Re:Beside the point. (Score:3, Interesting)
How to become a suspected terrorist:
1) Niece in Pakistan...has first son
2)Niece calls aunt in Dearborn for 5 minutes using neighbor's cell phone
3)Proud aunt calls all of her friends and extended family in US/Canada
4)FBI agent from Detroit digs out auntie's file....adds entry
5) Auntie's Son at U of M attends Arab Heritage meeting in student union...add that to his file
6)Cross reference Auntie and Son's files and calling patterns
7)Find both called cousin in Italy
8) Cousin in Italy was previously arrested at anti-WTO meeting (what greater enemy to the USA than that!?)
9)Scoop up cousin and fly him of to Egypt as a "person of interest"
10) Question cousin about his ties to Al Quaeda...specifically his second cousin's neighbor
11) Despite 48 sleepless hours of interrogation, a sound beating, exposure to cold, being stripped and humiliated this "terrorist" claims to have never been to Pakistan and has never met his second cousin's neighbor
12) Fly cousin to Afganistan and leave him to rot for 6 months
13) Drop him off in the countryside of Bulgaria
How much of this is inconceivable? Does it make you feel safer that our government does this sort of thing? If safer, proud? Do we catch more bad guys than we create?
Re:The strength of weak links... (Score:3, Interesting)
Second, your recommendation that this be fixed is disturbing.
How about we just do away with the whole pile of crap. For more on the dismal state of affairs, see http://www.lewrockwell.com/engelhardt/engelhardt1
The only thing you can count on is that more and more money will be wasted on returning less and less of value.
Actually, have the CIA, NSA, etc. yet produced anything of value? Note: do not count useful intelligence ignored because the president was asleep, drunk, or just dumb as shit.

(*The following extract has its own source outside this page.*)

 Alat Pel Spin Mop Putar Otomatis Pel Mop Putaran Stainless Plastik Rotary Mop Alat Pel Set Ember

Re:terrororists (Score:1, Interesting)
I used to work for one of the computer, software, services, printer, and offshoring companies in the US that regularly sold such software to telcos all around the world. The only thing new about this is that the government is doing it, not that it is being done. If you don't think telcos had the ability to intelligently analyze who was calling who, for how long, whether the call was any way different than the caller (or reciever's) usual behavior, etc... you have been out of touch. About the only thing the telcos don't monitor is the actual content of your conversations...but there were 1 or 2 api's for our product that looked like they were specifically created for just this purpose (according to what I saw of their documentation).
If you want to learn more about this technology, I recommend you talk to someone from the CFCA (Communications Fraud Control Alliance) and see what they'll let slip. Sadly, it's a notoriously tight lipped group to those not in the industry and without a need to know.

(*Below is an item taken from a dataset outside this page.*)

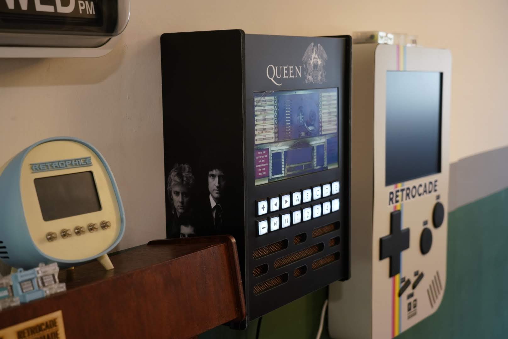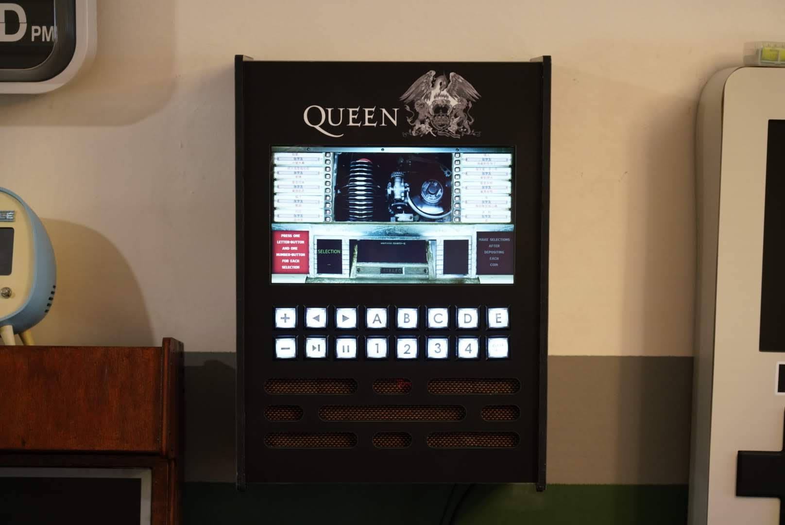 The interface paired with the tactile buttons, emulates the jukeboxes of yesteryears.

Re:Quick, Look the Other Way! (Score:2, Interesting)
Regards,
Steve
Relevant Schneier article (Score:3, Interesting)
http://www.wired.com/news/columns/0,70357-0.html?
In a nutshell, his premise is that the underlying assumptions that make data mining work for such things as credit card fraud don't hold when searching for terrorist plots. Also, that trying to apply those models will result in a flurry of false negatives so large as to make the whole effort useless and a waste of resources which could otherwise be better spent. It's hard to argue with...

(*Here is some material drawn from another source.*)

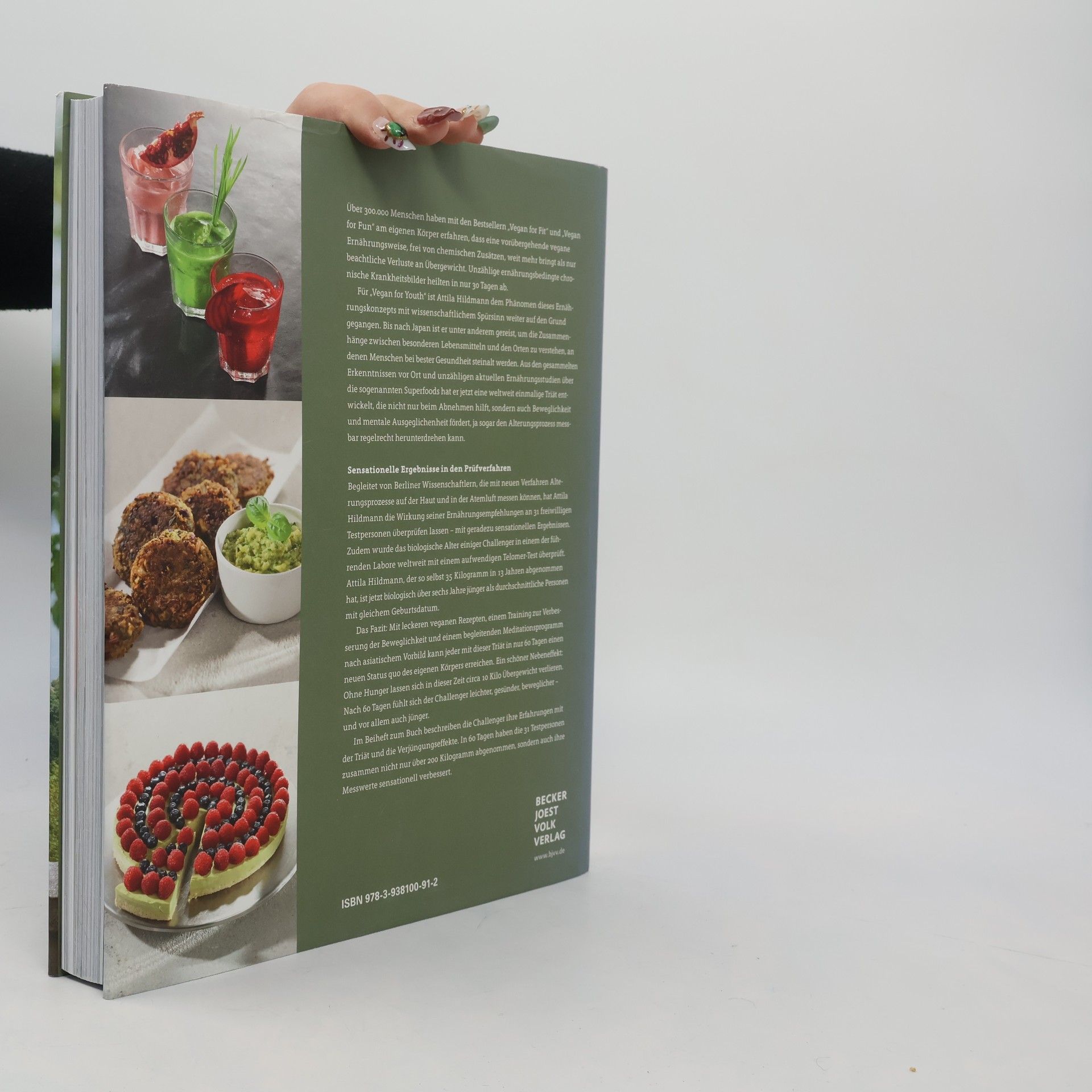 Über 100.000 Menschen haben mit den Bestsellern Vegan for Fit und Vegan for Fun erfahren, dass eine vorübergehende vegane Ernährung ohne chemische Zusätze nicht nur zu Gewichtsverlust führt, sondern auch ernährungsbedingte chronische Krankheiten in nur 30 Tagen heilen kann. In Vegan for Youth hat Attila Hildmann das Phänomen dieser Ernährung mit wissenschaftlichem Ansatz weiter untersucht. Bereits 2015 setzte er die Telomer-Messung ein, eine Methode zur Entschlüsselung des Alterns, die von Nobelpreisträgerin Elizabeth Blackburn entwickelt wurde. Zudem reiste er nach Japan, um die Zusammenhänge zwischen speziellen Lebensmitteln und der Gesundheit von Menschen, die ein hohes Alter erreichen, zu erforschen. Aus seinen Erkenntnissen über Superfoods entwickelte er eine einzigartige Triät, die Alterungsprozesse verlangsamen kann. Gemeinsam mit Wissenschaftlern der Charité in Berlin überprüfte er die Wirkung seiner Ernährungsempfehlungen. Das Ergebnis: Mit schmackhaften veganen Rezepten, einem Beweglichkeitstraining und einem asiatisch inspirierten Meditationsprogramm kann jeder in nur 60 Tagen einen neuen Körperstatus erreichen. Ein positiver Nebeneffekt: In dieser Zeit können bis zu 10 Kilo Übergewicht verloren werden. Nach 60 Tagen fühlen sich die Teilnehmer leichter, gesünder, beweglicher und jünger.

Re:Terrorist activities (Score:3, Interesting)
After 911 the US adminstration decreed along with the war on Terror - 'funding terrorism is a crime'. While the comment was primarliy aimed at Al-Queda, funding the IRA was (unintentionally?) put in the same category.
Its probably always been illegal to fund terrorism (IANAL), but I havent seen any arrests for funding the IRA hit the news, nor have i seen any Irish Americans thrown in GTMO. I'd say someone turned a blind eye.
Check out: http://en.wikipedia.org/wiki/NORAID [wikipedia.org]
Why arent the former/current leaders and members of NORIAD in GTMO?